Across the centuries, folktales and legends had formed a central and important part of Celtic society. As the great Mythological Tales of old, they recorded events and characters within the communities, but they also served as an explanation for occurrences within a locality. Thus the tales of heroes and kings, of gods and monsters were added tales of ghosts and fairies. These stories were not mere recitations of monarchs and warriors (as under the Bards) but now reflected the perspectives and beliefs of the Celtic people and their descendants. At night, the noises that emerged out of the dark were the sounds of sheehogues, or supernatural creatures that traversed the gloom. Milk that had somehow soured overnight was the result of the intervention of the marbh bheo (the nightwalking dead) or the fairies, whose touch could accomplish this. The fact that cows did not give milk or hens did not lay was put down to the evil of witches in the community. Odd shapes, glimpsed at twilight in the middle of some ancient earthworks were unquestionably the Sidhe (the ancient and secretive people of the mounds). That these may have been ordinary objects distorted by the poor light that the milk curdled for natural reasons that the sounds from the darkness were no more than night creatures going about their nocturnal business did not suffice to explain them away, and so a body of lore and belief began to build up. Certain places in the area were sheehoguey (frequented by supernatural entities); certain precautions had to be taken to avoid unearthly visitations; certain actions had to be carried out in order to placate Otherworldly beings—all these became a part and parcel of later Celtic life. And these beliefs and perceptions were carried across the generations in the tales that were told.

As were the mythological warrior tales before, such stories were mainly oral in their transmission. They were told around the firesides in country cottages and in places where people gathered. And they had a community element as well, for they bound neighbors together in a common consciousness and identity. As with the great Bardic gatherings centuries before, people came together to hear these stories and take them away as part both of themselves and of their culture. The Bards themselves were replaced by traditional local storytellers (in Ireland, these people were known as seanachie, or men—and women—of lore) who could spin a fine yarn concerning histories, events, and places in the local community. Such people were accorded the status that had once been given to the Bards. The tales that they told not only served as entertainment and explanation, they actually shaped and honed who their listeners were and how those people saw themselves. Not only this, but the stories gave shape and meaning to the countryside around them and their relationship to it. The haunted fort at the foot of the field might be haunted or the abode of fairies, but it was haunted for a purpose. There might have once been a mighty battle fought within its earthen walls, or there might have been an awful murder committed there. The resonances of these events and actions percolated down across the centuries and immersed themselves in rural folklore.

As with the warrior tales before them, the tales that were often told around the fireside were oral ones, simply conveyed by word of mouth between relatives or from one neighbor to another. Sadly, unlike the mythological tales, in the majority of cases, no attempt was made to record them.
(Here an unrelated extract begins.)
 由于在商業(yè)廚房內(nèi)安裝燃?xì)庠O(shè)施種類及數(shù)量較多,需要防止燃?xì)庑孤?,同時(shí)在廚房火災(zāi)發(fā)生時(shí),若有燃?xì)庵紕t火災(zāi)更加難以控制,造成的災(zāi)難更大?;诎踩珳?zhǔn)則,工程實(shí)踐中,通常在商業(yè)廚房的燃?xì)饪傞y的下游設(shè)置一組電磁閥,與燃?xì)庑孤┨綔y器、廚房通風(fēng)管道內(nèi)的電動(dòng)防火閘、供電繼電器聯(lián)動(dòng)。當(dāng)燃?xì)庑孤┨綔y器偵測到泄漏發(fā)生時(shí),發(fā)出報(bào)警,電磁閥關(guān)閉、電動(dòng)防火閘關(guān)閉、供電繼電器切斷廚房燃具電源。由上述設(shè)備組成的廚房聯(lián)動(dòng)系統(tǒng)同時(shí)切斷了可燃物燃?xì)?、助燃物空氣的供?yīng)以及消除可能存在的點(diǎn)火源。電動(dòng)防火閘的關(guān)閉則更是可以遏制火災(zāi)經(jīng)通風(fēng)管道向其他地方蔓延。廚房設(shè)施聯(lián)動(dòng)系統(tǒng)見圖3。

Although a number of anthologies of Celtic folktales have been recorded, many of them vanished into oblivion as the years passed.
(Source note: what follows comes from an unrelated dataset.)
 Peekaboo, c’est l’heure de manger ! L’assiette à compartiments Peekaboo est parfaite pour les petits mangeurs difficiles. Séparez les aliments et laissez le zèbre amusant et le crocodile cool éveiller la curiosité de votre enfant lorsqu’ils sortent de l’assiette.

This loss has accelerated as the modern era has taken hold. New and “scientific” and “reasoned” explanations have been found for events and phenomena in the Celtic countryside, and our notions of what constitutes “culture” have changed. Much of our cultural entertainment nowadays comes from a box in the corner of our living rooms, much of it is imported, and this has almost dissolved the indigenous ancient cultures of the Celtic past. And yet, there is still a hankering for the perspectives of yesterday; we all still love a good story, well told. Perhaps not all of our Celtic heritage has completely vanished.